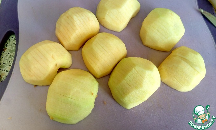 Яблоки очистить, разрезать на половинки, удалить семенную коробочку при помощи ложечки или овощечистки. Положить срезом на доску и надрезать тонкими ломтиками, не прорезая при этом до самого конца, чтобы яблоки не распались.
...
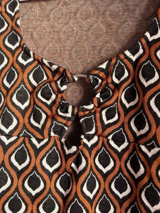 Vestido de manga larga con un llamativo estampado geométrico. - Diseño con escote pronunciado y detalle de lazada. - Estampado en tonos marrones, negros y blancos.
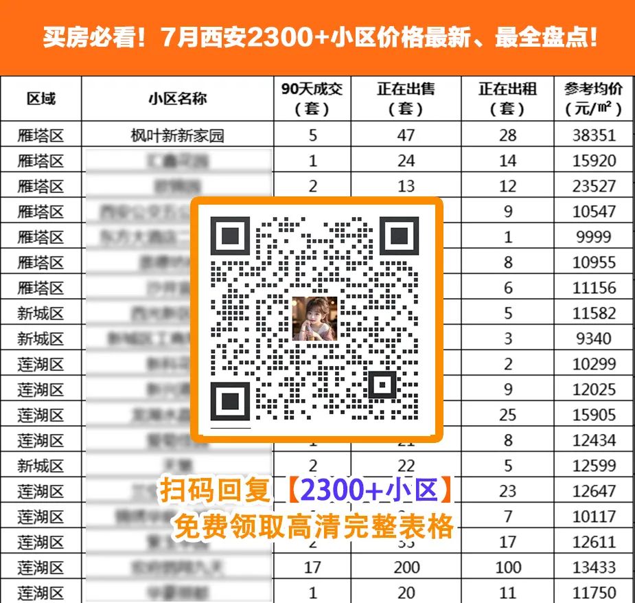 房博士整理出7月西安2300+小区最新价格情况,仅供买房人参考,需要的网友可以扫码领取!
--
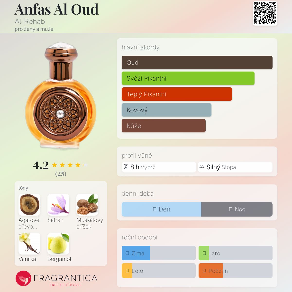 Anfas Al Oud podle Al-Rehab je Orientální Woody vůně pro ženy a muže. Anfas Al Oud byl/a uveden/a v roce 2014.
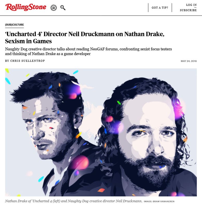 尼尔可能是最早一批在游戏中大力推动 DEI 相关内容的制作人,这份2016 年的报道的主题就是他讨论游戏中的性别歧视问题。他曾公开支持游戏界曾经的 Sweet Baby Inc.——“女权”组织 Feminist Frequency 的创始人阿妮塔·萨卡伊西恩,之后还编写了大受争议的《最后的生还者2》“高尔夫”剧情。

◆ TASK DIRECTIONS ◆
Pictures do not belong in the answer. Return the lines above starting at the one with "Anfas Al Oud podle" and ending at the one with "尼尔可能是最早一批在游戏中大力推动 DEI 相关内容的制作人,这份2016", both kept, exactly.

◆ RESPONSE AREA ◆
 Anfas Al Oud podle Al-Rehab je Orientální Woody vůně pro ženy a muže. Anfas Al Oud byl/a uveden/a v roce 2014.
 尼尔可能是最早一批在游戏中大力推动 DEI 相关内容的制作人,这份2016 年的报道的主题就是他讨论游戏中的性别歧视问题。他曾公开支持游戏界曾经的 Sweet Baby Inc.——“女权”组织 Feminist Frequency 的创始人阿妮塔·萨卡伊西恩,之后还编写了大受争议的《最后的生还者2》“高尔夫”剧情。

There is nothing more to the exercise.